Here the trajectory of Mary Ellen’s life begins to deviate into less appealing territory – not all the time, but enough to suggest that her tale isn’t quite the uplifting story of a scrappy miner’s wife who succeeds in becoming the first female Cabinet minister in the Empire.  Mary Ellen’s readiness to use racial distinctions, especially between the Chinese and European miners but also between white and Indigenous British Columbians, to lever the achievement of equality elsewhere underlines the contradictory nature of her politics.  Her leftist liberal-labourite sentiments were definitely not colour blind, as Strong-Boag makes clear.  As she moved, vicariously through Ralph, into increasingly significant political positions (he served first in the BC legislature, then in Ottawa and then back to provincial politics before his death in 1917), she developed her own political voice and style.  In Ottawa, for example, she “put herself on display on an intimidating scale,” developing intimacies with as many of the power-brokers as possible.  A favourite of the Lauriers, frequent attendee at all the top balls and events, and increasingly called upon to give suffrage speeches, Mary Ellen deftly wielded the tools of soft power (pp. 69-76).  She also shifted, as her husband had, into the Liberal orbit, where pragmatism often outweighed principal.

Smith moved into politics directly following her husband’s death, but she brought decades worth of public speaking, influence-cultivation and political platform development with her. She also brought disillusionment with the Liberals in BC and ran as an Independent Liberal in 1918.  That first election victory, in spite of the Liberal machine and in the shadow of the 1916 achievement of white female suffrage in BC, was Smith’s most substantial; thereafter her share of the vote continued to drop through 1924, her last victorious campaign.  Through the 1920s, Smith doggedly stuck to the centre of the political spectrum while others swung left, earning the ire of former supporters in labour and losing supporters from all sides of the coalition she had built.  With the fight for suffrage won, gender politics took a back seat to other matters, with the once-popular Mary Ellen Smith relegated to history.

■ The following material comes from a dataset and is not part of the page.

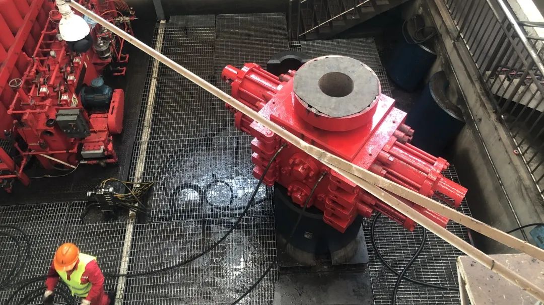 隨后開始剪切試驗,最終在控制油壓24.2MPa的情況下成功剪斷高強度鉆桿;剪切后還按照API標準進行了高低壓水密封試驗,在工作壓力105Mpa下保壓10分鐘,壓力保持穩(wěn)定,說明剪斷鉆桿后,防噴器剪切刀具和密封情況完好;與會領導和專家對神開防噴器剪切測試結果表示非常滿意,至此神開服役了12年的105Mpa防噴器,剪切性能經(jīng)受住了油田“大考”。

Smith’s legacy is clearly mixed.  As a woman, she mostly played by men’s rules rather than changing them; as a labour advocate she aspired to middle class; as a Liberal-Labourite she shifted to the Liberals, and as a Liberal she ran as an Independent.  Strong-Boag captures all these nuances through impressive research into all the contradictory corners of Smith’s life, and with a compositional flair that brings both the woman and the shifting ground beneath her feet to life. She also, therefore, showcases why Smith has been largely forgotten: her life spanned too many spaces to be neatly summarized, her accomplishments occurred alongside failures, many of her own making, and often because of a white Imperialist worldview that earns no sympathy now.  Not quite a woman for her times, let along ours, Smith seemed destined to disappear.  Until, that is, Strong-Boag took on the task, uncovering both the good and the bad, using Smith as a lens onto gender relations and gender politics, BC and Ottawa, and electoral politics and the power of connection.  The result is a refreshingly complex picture of early 20th century Canada, and of the crooked path to power.

Publication Information

Strong-Boag, Veronica. A Liberal-Labour Lady: The Times and Life of Mary Ellen Spear Smith. Vancouver: UBC Press, 2021. 288 pp. $89.95 paper.